|Reading/listening to the recordable book "All the Ways I Love You" - a gift from his birthmom.|
The Open Adoption Roundtable is a series of occasional writing prompts about open adoption. It’s designed to showcase the diversity of thought and experience in the open adoption community.
Roundtable #41: Are you approaching openness differently in 2013? What experiences from the past year influenced you most?
When I was first learning about adoption and preparing myself for this mystical thing called “open adoption,” I knew absolutely nothing. I didn't know what it was going to look like for us. I didn't know what it should look like or what was expected of me. I didn't know if it was going to be difficult or come naturally. But I was optimistic.
All I knew was that 1) there was no way I could deny my child a connection to his roots and 2) there was no way I could cut off contact with the woman who carried and gave birth to my child. … That was enough for me to embrace the idea and to find a way to make it work, whatever that meant.
I'd heard of “open adoption agreements” and how sometimes couples and birth parents would sit down and actually write out in the beginning their expectations for exchanging letters, pictures, gifts, personal information, etc.
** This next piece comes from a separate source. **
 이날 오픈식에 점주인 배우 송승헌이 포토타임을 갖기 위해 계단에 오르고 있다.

I dismissed that at the time, because I thought a truly open adoption would just flow... Who really needs a document telling them when to send pictures? I thought it was silly and unnecessary. We would just wing it – exactly like we were winging the whole adoption thing in general. We didn't have a clue what we were doing and we were scared out of our minds. But my optimistic approach was that we'd “figure it out.”
At first, it was pretty easy. I just uploaded a billion pictures to Facebook (like any other new mother). But life got busy, like it always does (especially with a baby who is now a toddler and runs around with the energy and destructive force of the Tasmanian Devil). I sent pictures in the mail. We visited. But as time has gone on, and life has gone on... I've gotten much less consistent in my communication. And that makes me feel guilty. Especially since I love his birth family to death and we get along so well. Sometimes the distance makes me sad and I wished we lived closer.
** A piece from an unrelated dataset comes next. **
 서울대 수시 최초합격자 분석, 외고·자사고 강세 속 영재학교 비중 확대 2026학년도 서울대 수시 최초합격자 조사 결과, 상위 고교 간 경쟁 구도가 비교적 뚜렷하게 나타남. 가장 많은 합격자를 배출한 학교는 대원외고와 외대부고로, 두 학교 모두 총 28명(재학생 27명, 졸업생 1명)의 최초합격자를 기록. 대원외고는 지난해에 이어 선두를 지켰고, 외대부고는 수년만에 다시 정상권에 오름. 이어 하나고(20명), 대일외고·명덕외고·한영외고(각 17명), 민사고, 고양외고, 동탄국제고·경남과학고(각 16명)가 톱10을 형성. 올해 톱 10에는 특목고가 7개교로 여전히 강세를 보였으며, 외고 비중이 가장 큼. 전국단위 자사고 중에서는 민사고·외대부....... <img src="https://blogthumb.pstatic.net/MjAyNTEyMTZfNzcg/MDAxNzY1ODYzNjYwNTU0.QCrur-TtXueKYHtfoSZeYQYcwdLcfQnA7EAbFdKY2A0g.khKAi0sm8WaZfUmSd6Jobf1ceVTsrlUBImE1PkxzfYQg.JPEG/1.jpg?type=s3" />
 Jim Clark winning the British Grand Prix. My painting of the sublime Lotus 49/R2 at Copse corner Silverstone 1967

The thought occurred to me at one point that it would've been nice to have that open adoption agreement to fall back on – to know that even when things get busy I'm still doing enough to include my son's birth family in his life, even if I could only manage to do what we agreed on and nothing more. But then I realized at any point in time a standard could be set on what is expected out of this open adoption. Just because we didn't write anything up in the beginning doesn't mean I can't come to a conclusion about being consistent now. I just have to start doing it. So, I sat down and wrote out what I thought would be important to send on a regular basis and how often we'd like to try and visit, what bare minimum would look like in busier times, etc. Done. That was so simple. Why was I making it so difficult and worrying over nothing?
I know that the success of his open adoption in large part depends on the choices we make to reach out and include his first family in his life. He is too young to establish that relationship for himself, so it is our job to do that for him... so that the relationship will already be there waiting for him when he has questions and needs that connection (I call it “returning to the well”). That's why I let myself feel guilty and I let myself wonder if I'm doing enough, because it is so important. If any of his birth family is reading this, they are probably laughing at me for over-worrying, because I'm pretty sure they think we do an awesome job at keeping things open!
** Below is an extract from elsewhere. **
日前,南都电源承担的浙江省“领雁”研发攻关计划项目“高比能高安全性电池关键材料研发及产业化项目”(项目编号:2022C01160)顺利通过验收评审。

This year, I want to be more consistent. But my main resolution is to give myself a break and realize that I truly am doing the best I can to be a mother... and an adoptive mother in an open adoption... and a wife... and every other role that I try to fill. There is so much to do in life! So many things that are important to me. I can't go all out with everything all the time, ya know? My heart's in the right place, I think. And this year is definitely a new beginning. A time to celebrate what we've done right and release some of the guilt and anxiety that we let build up... over nothing, really. I think the majority of us are doing better in life than we think we are. We can make goals to be a little more this and a little less that. But we should also take some time to pat ourselves on the back. :)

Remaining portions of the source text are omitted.